Prediction #7: Investor activity will bottom out in the spring, then rebound
Real estate investors will purchase about 25% fewer homes than a year earlier, with purchases likely to bottom out in the spring. Investors’ business model is to buy low and sell–or rent–high, and the cash they borrow to buy homes outright is no longer cheap. Fewer iBuyers in the market is also a factor in slowing activity. Some investors, especially newer and smaller ones, will bow out of the housing market entirely and others will slow their activity. But if inflation slows and the Fed eases up on rate hikes as expected, investors will likely start buying more homes in the second half of the year, taking advantage of slightly lower home prices.
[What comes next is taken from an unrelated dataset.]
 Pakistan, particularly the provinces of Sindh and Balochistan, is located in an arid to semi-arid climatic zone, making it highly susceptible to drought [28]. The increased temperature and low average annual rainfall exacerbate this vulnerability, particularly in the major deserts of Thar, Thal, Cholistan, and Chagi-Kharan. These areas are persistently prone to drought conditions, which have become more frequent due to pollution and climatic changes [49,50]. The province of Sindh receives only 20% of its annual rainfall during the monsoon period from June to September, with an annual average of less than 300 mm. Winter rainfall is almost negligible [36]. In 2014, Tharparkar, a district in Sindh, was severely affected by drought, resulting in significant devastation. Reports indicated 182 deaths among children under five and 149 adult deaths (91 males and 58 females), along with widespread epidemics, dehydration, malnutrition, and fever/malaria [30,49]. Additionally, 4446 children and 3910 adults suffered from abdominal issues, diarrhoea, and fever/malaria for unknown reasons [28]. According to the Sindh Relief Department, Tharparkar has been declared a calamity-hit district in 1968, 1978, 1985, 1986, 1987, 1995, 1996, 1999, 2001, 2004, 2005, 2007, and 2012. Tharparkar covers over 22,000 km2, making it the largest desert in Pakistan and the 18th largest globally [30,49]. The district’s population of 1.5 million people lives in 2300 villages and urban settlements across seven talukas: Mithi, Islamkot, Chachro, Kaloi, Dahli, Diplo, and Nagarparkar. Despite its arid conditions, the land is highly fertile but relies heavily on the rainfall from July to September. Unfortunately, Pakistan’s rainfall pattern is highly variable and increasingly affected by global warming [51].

Prediction #8: Gen Zers will seek jobs and apartments in relatively affordable mid-tier cities
Gen Zers are entering into a workforce with more remote-work opportunities than ever before, which means they’ll have more flexibility in where they’ll choose to start their careers than older generations. They can prioritize things like affordability, lifestyle, weather and proximity to family.
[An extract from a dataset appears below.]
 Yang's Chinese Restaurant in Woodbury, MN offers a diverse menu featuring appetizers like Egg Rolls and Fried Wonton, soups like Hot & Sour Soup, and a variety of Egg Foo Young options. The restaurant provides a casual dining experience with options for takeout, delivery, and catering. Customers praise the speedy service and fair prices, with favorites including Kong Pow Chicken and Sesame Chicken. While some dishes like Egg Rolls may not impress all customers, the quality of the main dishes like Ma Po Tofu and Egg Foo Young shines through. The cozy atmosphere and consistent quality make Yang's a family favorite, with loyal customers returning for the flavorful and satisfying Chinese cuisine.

Prediction #9: Migration from one part of the country to another will ease from the pandemic boom
Redfin expects the share of Americans relocating from one metro to another will slow to about 20% in 2023, down from 24% this year. That’s still above pre-pandemic levels of around 18%.
In 2023’s slow market, there won’t be a next Austin. Even Austin isn’t Austin anymore: The wave of homebuyers moving into Austin has slowed to a trickle, as many people are now priced out and many remote workers who wanted to relocate have already done so.
Prediction #10: Rising disaster-insurance costs will make extremely climate-risky homes even more expensive
Some Americans will be priced out of climate-risky areas like beachfront Florida and the hills of California because of ballooning insurance costs. Redfin expects disaster-insurance rates to continue rising next year (and beyond), rendering housing in some areas more expensive.
Prediction #11: More cities will follow Minneapolis’ YIMBY example to curb housing expenses
More U.S. cities will look to Minneapolis, which in 2019 became the first major city to eliminate single-family-only zoning, for inspiration in keeping rental and home prices under control. Earlier this year, Minneapolis became the first metro area to see rents decline.
Prediction #12: Buyers’ agent commissions will rise slightly as fewer agents broker fewer deals at lower prices
Next year’s slow housing market is likely to reverse or at least halt the downward trend in buyers’ agent commissions.
The hot pandemic-era housing market pushed the typical U.S. buyers’ agent commission down to 2.63% of the home’s sale price in 2022, its lowest level since at least 2012. But declines in home prices and sales will prop up buyers’ agent commissions next year. Sellers will also play a part, with some offering to pay higher commission for buyers’ agents to attract bidders.